I used to strive for perfection. Pushing myself constantly, to be better. I was never satisfied.

 

It took me far. I got straight A’s in school, I was in student government, played in the band, I was in 4-H, played tennis, and volunteered at my local church in my spare time. I continued this trend through undergraduate school where I majored in Organic Chemistry, played collegiate tennis and studied abroad in Spain becoming fluent in Spanish. I had to be constantly busy, and constantly pushing to be the best, to be more involved, to be more.

 

It got overwhelming. I never had a moment to just be, relax and enjoy. In fact, I didn’t know what to do with down time if I wasn’t moving, if I wasn’t doing. I struggled a lot with this while I was in Graduate school, earning a masters in Neuroscience and structural biology all while picking up ultra-running.

 

Once I graduated graduate school, I got a bit better at settling down, realizing I didn’t have to do everything. But, that mentality still persisted and drove me crazy at times. I couldn’t be content unless I was doing something, and something usually turned into everything.

 

It wasn’t until my first serious injury that I really learned to be still. I had no choice. I had broken 14 bones and was left with only one leg to stand on. Not only could I not run, or walk, or drive, — I couldn’t cook or bathe without supervision or the help of someone. It was a very humbling experience, but in it, was an opportunity.

 

I had the opportunity to slow way down. To appreciate life when I wasn’t buzzing around constantly. I’m not going to lie, it was a challenge. I questioned my worth. I thought, who am I unless I’m doing something? But in those struggles, I got more and more comfortable letting go of my need to distract and do.

 

I gained new perspective. One not associated with ticking things off on my ‘to-do’ list. I became more connected to myself, how I was feeling that day, my motivation, what excited me. It gave me an opportunity to be completely satisfied curling up with a book, or spending hours at a coffee shop catching up with a friend, or simply doing nothing at all.
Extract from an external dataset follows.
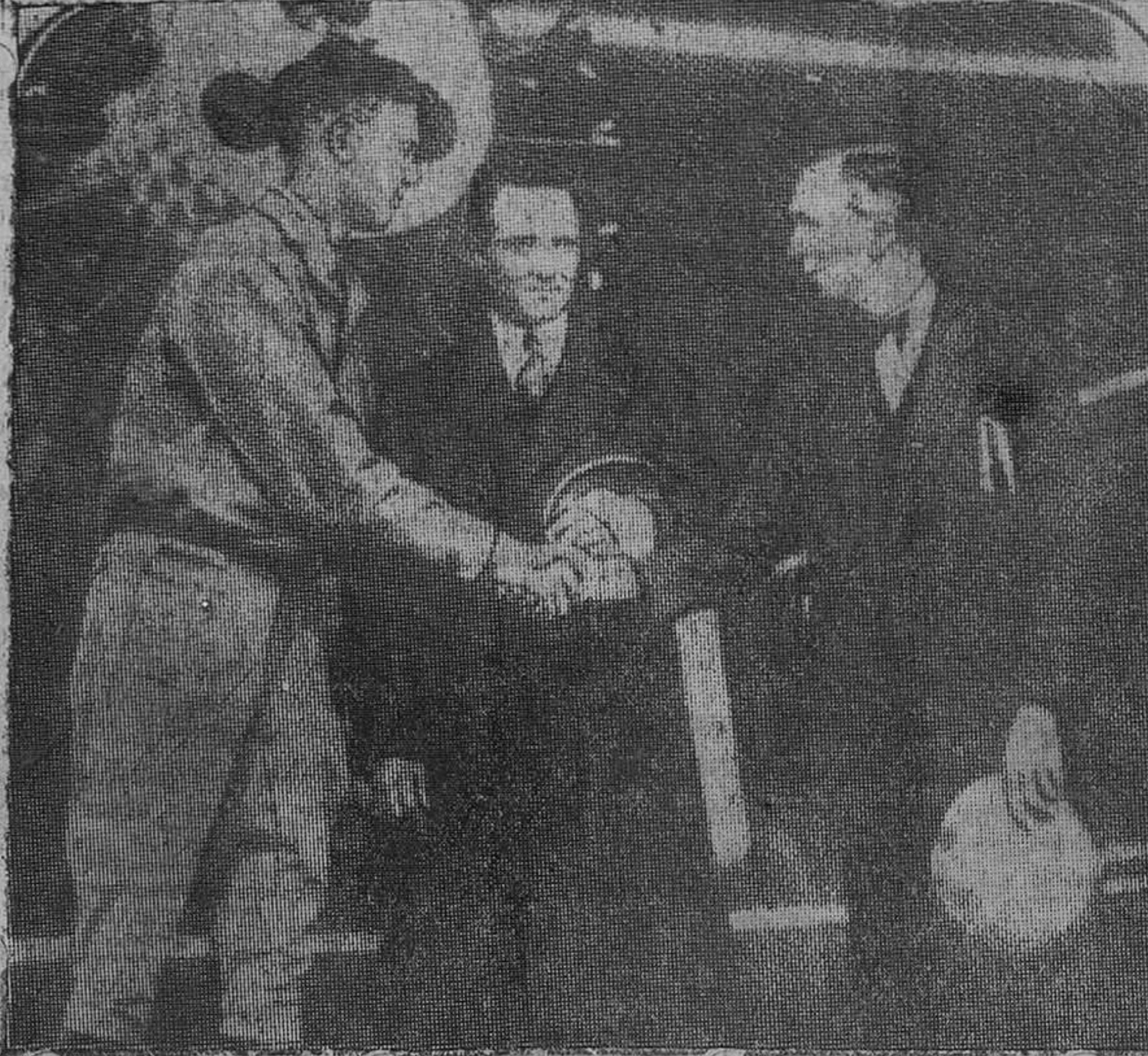
Lindbergh (á la izquierda), hablando, en Nueva York, poco antes de emprender su formidable vuelo á Francia, con Byrd y Chamberlin.

trunción de viviendas podrían ser hechos con garantía de primera hipoteca y con carácter preferente. Será conveniente que la cartera de hipoteca sea pignorable por el Banco de España, por todo su valor, con excepción de timbre y de la póliza y reducción de los honorarios de agentes de Bolsa ó corredores de comercio. Si de la conferencia nacional del Ahorro y la previsión sale la solución del problema de las casas baratas, habrá que volver a esperar que su inmediata construcción sea emprendida activamente en las capitales donde la vivienda económica escasea.

It was wonderful.

 

I learned that progress does not mean being perfect. It’s messy and not straight forward. I wouldn’t have expected an injury to help me connect with my soul. But it did. I was able to be content in my own human existence, without needing to be constantly achieving.

 

Even after recovering and getting back to more movement at training, I took that lesson with me and allowed myself the freedom (and permission) to just be, and not constantly weigh myself down with responsibilities and tasks. I found the creativity to make new, different goals, still pushing myself, but in different ways that were vastly more fulfilling. It’s helped me live more fully.

 

So, as I face this injury, breaking my fibula, and the recovery time associated with it – I look back on my past year. I look back on what I’ve learned and I’m able to shift into a slower pace of living. I’m making new goals and shifting my perspective. It’s a positive one, too.

 

Some ask how that’s possible – to maintain my positivity. I say I have no other choice. Of course I’m angry and disappointed, and the transition to recovery is difficult – and it’s certainly not automatic – but I am happy to do it. I know I’ll learn something from it – I’m positive of that. It’s an opportunity for growth, to learn – that’s progress.

 

It’s all a matter of perspective and I chose a positive one. Because progress is not perfection; progress is messy, progress is caring, and to be better – to soak in all that progress – I’ll take all the unexpected twists and turns of life, happily.